Powietrze było tak czyste, że można było odetchnąć pełną piersią, a przy tym słyszeliśmy, odbijający się szum płynącego nieopodal strumyka. Jurek chyba, aż tak nie podzielał mojego entuzjazmu. Szedł wypalając szluga, co chwilę pytając się, czy nie jest mi słabo, bo nic do tej pory nie zjadłam przez kaca. Marudził też, że wybrałam doskonałą trasę i oczywiście, że będę chora, bo nie ubrałam się odpowiednio. Coś tam też klnął pod nosem ze względu na przemoczone nogawki od spodni. Przy jego nodze szedł dumny Szarol, któremu ciemnowłosy nieustannie rzucał badyla, aby ten mu go przynosił.

Co za zdrajca! Wiecie ile czasu poświęciłam na to, żeby nauczyć Szarika komendy „ równaj nogę"? Dalej nie koniecznie ma ochotę to robić przy mnie, a do Jurka przykleił się jak lep do muchy. Ughh jak on mi działa na nerwy. Ale też sprawia, że moje serce dudni, niczym dzowny w kościele o dwunastej. Czyżby panna Marcelina straciła głowę dla tego jełopa z Krakowa?

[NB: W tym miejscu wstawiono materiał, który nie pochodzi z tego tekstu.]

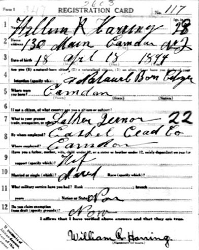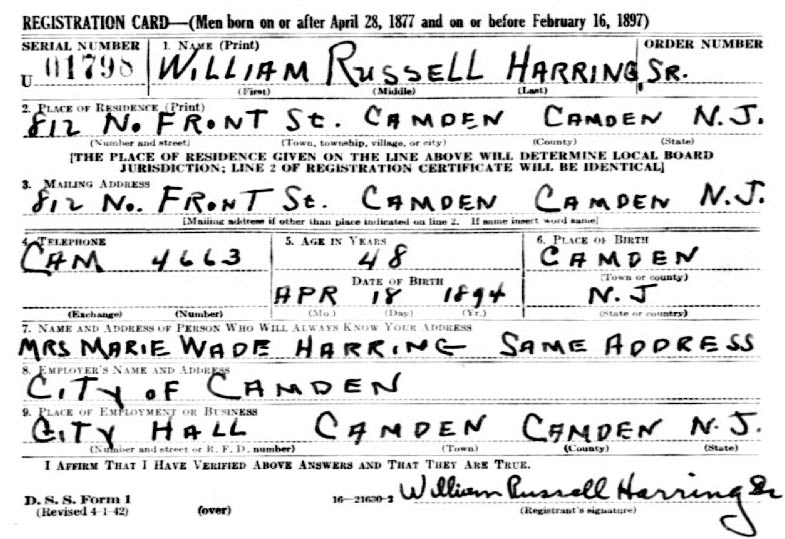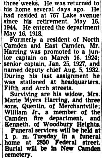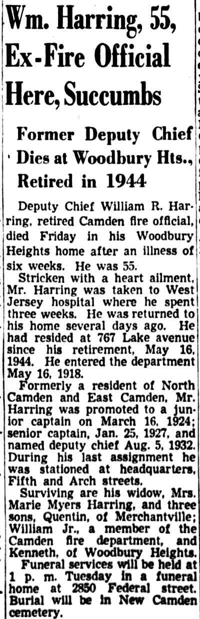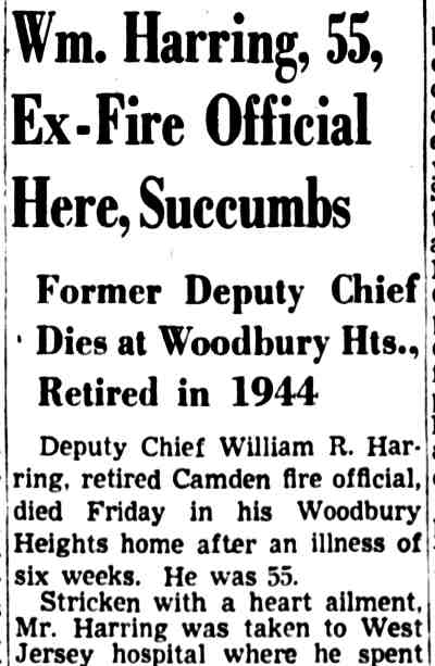 WILLIAM RUSSELL HARRING SR. was born in Camden on April 18, 1894, apparently to Walter H. and Lottie Harring. The 1895-1896 City Directory shows the family at 605 North Front Street. Walter Harring's brother Samuel E. Harring and his wife Josephine lived on the same block, at 619 North Front Street. When the Census was taken in 1900, he was living with his grandparents, Samuel and Rosa Harring, in Philadelphia. Walter Harring also living there, it is unclear at this time what had become of Lottie Harring, but it is probable that she passed shortly before or after the 1900 census was taken. By the time he turned 16, William Harring had returned to Camden. William Harring's uncle, Samuel E. Harring, was a bricklayer by trade, but at some point during the 1900s had traded in his mason's trowel to become Camden fire fighter. When the Census was taken William Harring was living with his Uncle Samuel at 125 Linden Street in North Camden, a short walk from the Engine Company 6 firehouse. Samuel E. Harring's career as a Camden fire fighter lasted into the 1930s. When William Harring Sr. registered for the draft in June of 1917, he had already married Ida May Banks. The couple lived in North Camden at 130 Main Street, the home of Ida May's parents, Walter and Alice Banks. A son, Quentin was born in 1918, and William Jr. joined the family in 1920. William Haring was appointed to the Camden Fire Department on May 16, 1918. He was promoted to Junior Captain on March 16, 1924. By 1924 the Harrings had moved to 812 North Front Street, a stone's throw from their previous residence. Sadly, Ida May Harring died of tuberculosis on April 2, 1925. William Harring Sr. remarried in 1926. His second wife Marie Wade was 18 at the time. William Harring Sr. was promoted on April 4, 1928 to Senior Captain of Ladder Company 1, based at Fire Headquarters, North 5th Street and Arch Street. He further advanced to the rank of Deputy Chief on August 5, 1932 Son Quentin Harring was active in Boy Scouts in the early 1930s. The Harring family continued to reside at 812 North Front Street through at least the spring of 1942. William Harring Sr. reached the rank of Deputy Chief by the time his career ended on May 16, 1944. He died of a heart ailment on November 25, 1949 at the age of 55 at his home in Woodbury Heights, New Jersey. Son William Harring Jr. was appointed to the Camden Fire Department on March 2, 1948, and served for over 23 years. He retired from the Camden Fire Department on July 1, 1981. |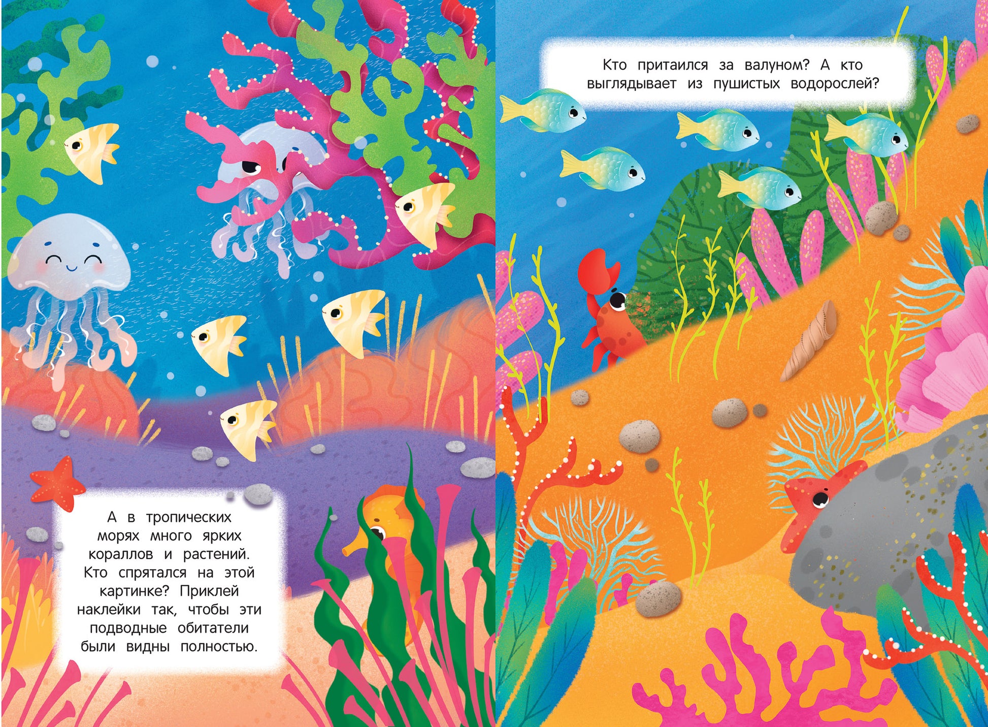 1. Внимательно рассмотрите с малышом картинку и найдите всех спрятавшихся персонажей. 2. Подберите подходящие наклейки и приклейте их на страничку, чтобы персонажи были видны полностью. Теперь назовите знакомые предметы, обсудите увиденное. Хорошей тренировкой станет описание картинки и придумывание историй на основе нарисованного. 3. Эти простые задачи будут полезны для малыша: они помогут развить внимательность и усидчивость, расширят кругозор и улучшат мелкую моторику.

No taki z niego mój krakowiaczek.

- Jesteśmy na szczycie!- zapiszczałam podeksytowana, rozglądając się po okolicy.-Zobacz jak stąd pięknie widać okolicę!
- Hura Warszawianko! Udało się!- objął mnie w talii, również rozglądając się dookoła. Przytuliłam się do niego z automatu.- Faktycznie wybrałaś najbezpieczniejszą i najpiękniejszą trasę. Nie śmierdzi tu żadnym szkopem. Przynajmniej na razie. - zaśmiał się.- Wybacz, że zwątpiłem w twoje umiejętności przewodnika.
- Widzisz teraz możesz opowiedzieć wszystkim, że Marcelina Kochanowska jest najlepszym przewodnikiem jakiego znasz!- strzeliłam go w ramię.- Dobrze, że wzięliśmy narty żeby zjechać spowrotem. To będzie taka adrenalina! Zakład, że będę pierwsza na dole?
- Zakład o setkę! Nie ważne, czy wódki, czy pieniędzy. Chyba, że wolisz oddać w naturze. - wydął usta w kpiącym uśmiechu.
- Jerzy zaprawdę powiadam ci otrząśnij się! - wsypałam mu śnieg za kołnierz.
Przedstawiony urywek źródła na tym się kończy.